В тех редких случаях, когда я шел в туалет или по какой-то причине брел в домик, я старался налегать на здоровую ногу и опирался на палку, вырезанную добрым незнакомцем из сука очень твердого дерева, растущего на краю пустоши. Пришла пора. Я вылез из гамака и не стал брать палку. Какое-то время я стоял, выравнивая давление на обе ноги. Потом шагнул. На берегу, насколько хватало глаз, никого не было. Хромая, спотыкаясь и пошатываясь, я добрел до моря и вошел в воду. Налетевшие волны опрокинули меня. Я сидел, вытянув ноги, откинув голову, опершись руками на плотный, мокрый песок, чувствуя, как снова и снова меня приподнимает набегающее море, как перекатываются через меня волны. Колено жгло, словно горело в воде, вскипающая колючая пена рвала, разъедала и смывала остатки гипса, опаляла и прочищала открытую багровую рану солью. Я поднял голову и посмотрел на солнце, медленно погружавшееся в раскаленное золото моря.
— El mar cura todo, — провозгласил я.
Но слова эти, как и сопровождавший их вырвавшийся из неведомых глубин меня самого хохот, потерялись в яростном шуме золотого моря.
Через несколько дней лечебных процедур и скитаний по Гаване с ее изнуряющей жарой, грязью и нищетой мелодии и ритмы ночи перестали входить в мою кровь, потому что я слышал в них то, чего не слышал прежде: безыскусную имитацию, слепое повторение, безжизненное копирование, para los turistas, давно умершей радости. Они превратились в помеху, раздражающий шум, мешающий уснуть.
Я еще не сознавал, что именно это и проникло в меня тогда: смерть.
Мертвая музыка, всего лишь несколько недель назад увлекавшая меня из отеля в ночь, уводившая туда, где вроде бы таилась смерть, не значила больше ничего, как будто ее и не было. Все, что притягивало меня и к чему тянулся я сам, обратилось в ничто, исчезло. Да, смерть вползала в меня тонкими струйками, проникала в вены, но теперь эти вены жаждали настоящих мелодий и ритмов, настоящей ночи и настоящих теней, скрывающихся в настоящей тьме, а не пустой безжизненности и тупого равнодушия к опасности.

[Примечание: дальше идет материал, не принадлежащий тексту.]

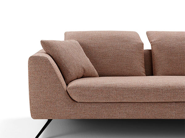 The Prano model is equipped with three movable backrests, which allow you to create your own comfort area anywhere on the sofa, characterized by reclining headrests incorporated into the padding.

Именно в музыке южного моря, в величественном реве созидания и разрушения, в бесконечном песнопении волн, рождающих, баюкающих и хоронящих, в их приливах и отливах, приносящих и уносящих, нашлись подлинные, настоящие мелодии и ритмы подлинно, реально существующего. Во мраке ночи, когда я лежал в гамаке, мне казалось, что звезды, эти отблески бесконечности, и облака, эти скопления теней, плывут и сплетаются с музыкой этого рева, рождающего, убаюкивающего и хоронящего, с этими приливами и отливами, приносящими и уносящими, с этой необъятной, благочестивой и неумолимо жестокой песней, не имеющей ни начала, ни конца. Во мраке ночи, лежа в гамаке, я почувствовал, что странная жажда в крови затихла, как раньше затихла другая жажда, жажда исцеления, утоленная теплым молоком свежесрезанного кокоса, принесенного мне добрым юным незнакомцем. Во мраке ночи, в гамаке, я ощутил море как великого древнего старца, как великого незнакомца, существующего вне понятий добра и зла, чье проникновение в меня неподвластно моей воле и недоступно моему пониманию.